Now to plot a new histogram of the number of steps taken per day using the same group_by() and summarise() tools as before.

```{r, echo = TRUE}
activity2_bydate <- group_by(activity2, date)
sumsteps2 <- summarise(activity2_bydate, Total.Steps = sum(steps))
head(sumsteps2)

g2 <- ggplot(sumsteps2, aes(Total.Steps))
g2 + geom_histogram(colour = "black", fill = "lightsalmon2", binwidth = 1000) + 
    labs(title = "Histogram of Total Steps per Day- (Imputed)", x = "Total Steps", y = "Count") + 
    geom_vline(xintercept = mean(sumsteps2$Total.Steps, na.rm = TRUE), lwd = 2, colour = "dodgerblue4", linetype = "longdash") + 
    annotate("text", label = "Mean", x = 13100, y = 10, colour = "dodgerblue4") + 
    geom_vline(xintercept = median(sumsteps2$Total.Steps, na.rm = TRUE), lwd = 1, colour = "red") + 
    annotate("text", label = "Median", x = 13300, y = 9, colour = "red")
```

Continue by calculating the new mean and median based off this NA-free data set.

```{r, echo = TRUE}
meansteps2 <- mean(sumsteps2$Total.Steps, na.rm = TRUE)
print(paste("Mean of", meansteps2, "steps taken per day."))
mediansteps2 <- median(sumsteps2$Total.Steps, na.rm = TRUE)
print(paste("Median of", mediansteps2, "steps taken per day."))
```

The impact that imputation has had on the measures of mean and median appears negligible for this data set. The median has increased by about 0.011%.
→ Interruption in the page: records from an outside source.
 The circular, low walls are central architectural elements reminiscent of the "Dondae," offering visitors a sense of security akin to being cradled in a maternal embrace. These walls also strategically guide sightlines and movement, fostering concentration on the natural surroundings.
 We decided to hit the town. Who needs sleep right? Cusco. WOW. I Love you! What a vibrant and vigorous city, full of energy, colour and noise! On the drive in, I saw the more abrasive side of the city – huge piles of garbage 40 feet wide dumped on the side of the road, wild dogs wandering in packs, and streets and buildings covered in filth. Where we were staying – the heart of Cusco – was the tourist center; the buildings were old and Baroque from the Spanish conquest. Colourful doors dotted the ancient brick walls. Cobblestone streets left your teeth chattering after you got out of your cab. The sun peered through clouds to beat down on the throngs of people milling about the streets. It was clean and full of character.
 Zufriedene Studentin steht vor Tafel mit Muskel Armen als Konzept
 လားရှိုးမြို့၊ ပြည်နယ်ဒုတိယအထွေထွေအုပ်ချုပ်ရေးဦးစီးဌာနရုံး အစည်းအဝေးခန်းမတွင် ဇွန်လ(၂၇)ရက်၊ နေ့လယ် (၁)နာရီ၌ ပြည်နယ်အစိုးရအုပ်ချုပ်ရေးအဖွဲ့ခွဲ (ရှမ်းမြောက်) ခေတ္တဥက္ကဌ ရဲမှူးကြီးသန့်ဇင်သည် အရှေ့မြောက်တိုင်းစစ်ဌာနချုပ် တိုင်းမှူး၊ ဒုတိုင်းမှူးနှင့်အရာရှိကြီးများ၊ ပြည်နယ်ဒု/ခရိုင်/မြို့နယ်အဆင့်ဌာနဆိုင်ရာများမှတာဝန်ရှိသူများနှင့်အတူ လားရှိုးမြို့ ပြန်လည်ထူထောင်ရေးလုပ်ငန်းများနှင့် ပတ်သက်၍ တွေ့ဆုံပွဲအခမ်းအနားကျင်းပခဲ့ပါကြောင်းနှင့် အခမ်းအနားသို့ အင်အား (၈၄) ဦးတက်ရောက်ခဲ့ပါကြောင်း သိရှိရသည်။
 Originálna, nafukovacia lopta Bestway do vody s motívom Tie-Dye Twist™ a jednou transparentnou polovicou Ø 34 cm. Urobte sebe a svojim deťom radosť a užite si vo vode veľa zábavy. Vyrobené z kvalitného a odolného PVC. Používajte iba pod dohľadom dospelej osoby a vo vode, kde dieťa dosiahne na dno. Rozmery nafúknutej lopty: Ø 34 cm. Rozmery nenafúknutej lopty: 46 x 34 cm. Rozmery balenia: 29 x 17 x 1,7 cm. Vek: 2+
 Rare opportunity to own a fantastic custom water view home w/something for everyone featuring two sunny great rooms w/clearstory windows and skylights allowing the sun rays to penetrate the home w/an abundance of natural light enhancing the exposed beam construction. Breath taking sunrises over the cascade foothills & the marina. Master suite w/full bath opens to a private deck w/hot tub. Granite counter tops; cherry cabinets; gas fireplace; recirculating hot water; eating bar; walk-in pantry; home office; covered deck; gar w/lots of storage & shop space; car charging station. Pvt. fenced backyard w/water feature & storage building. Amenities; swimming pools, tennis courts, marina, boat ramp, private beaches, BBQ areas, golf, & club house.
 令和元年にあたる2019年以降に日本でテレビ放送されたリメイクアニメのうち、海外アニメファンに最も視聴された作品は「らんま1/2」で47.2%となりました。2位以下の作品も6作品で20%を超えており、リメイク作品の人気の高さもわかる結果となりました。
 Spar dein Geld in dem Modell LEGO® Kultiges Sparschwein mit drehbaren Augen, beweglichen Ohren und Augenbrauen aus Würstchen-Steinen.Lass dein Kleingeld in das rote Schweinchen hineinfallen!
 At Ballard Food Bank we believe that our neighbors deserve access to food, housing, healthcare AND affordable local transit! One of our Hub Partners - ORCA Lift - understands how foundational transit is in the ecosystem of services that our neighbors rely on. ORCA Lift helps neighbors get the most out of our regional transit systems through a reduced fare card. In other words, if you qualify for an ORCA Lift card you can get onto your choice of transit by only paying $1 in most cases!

###Are there differences in activity patterns between weekdays and weekends?

Let's first create a new column in the imputed data set that designates the weekday of the observation and then convert that into a factor column with two levels: Weekday and Weekend.

```{r, echo = TRUE}
activity2$weekday <- weekdays(activity2$date)
index2 <- activity2$weekday %in% c("Sunday", "Saturday")
activity2 <- within(activity2, weekday[index2] <- "Weekend")
activity2 <- within(activity2, weekday[!index2] <- "Weekday")
activity2$weekday <- as.factor(activity2$weekday)
```

Now to finish with a panel plot displaying the Average Step Count per 5-min interval for the weekend observations vs the weekday observations. Begin by grouping the imputed data by both weekday factor level and interval.

```{r, echo = TRUE}
activity2_byint <- group_by(activity2, weekday, interval)
avgsteps_int2 <- summarise(activity2_byint, Avg.Step.Count = mean(steps, na.rm = TRUE))
```

Then, create a multi-panel plot, one for the weekday data, and one for the weekend data, that displays the average step count per 5-min interval during the day.

```{r, echo = TRUE}
q <- ggplot(avgsteps_int2, aes(interval, Avg.Step.Count))
q + geom_line(aes(color = weekday), lwd = 0.8) + 
        facet_grid(weekday ~ .) + 
        labs(title = "Average Step Count per 5-min Interval (Imputed)") + 
        labs(x = "5-minute Interval", y = "Average Step Count") + 
        theme(legend.position = "none")
```

We see that the weekday data has a much higher spike in the average step count in the morning during commuter hours, but that the weekend average step counts are more consistently higher throughout the day. These patterns seem to fit with typical workday vs weekend activity patterns.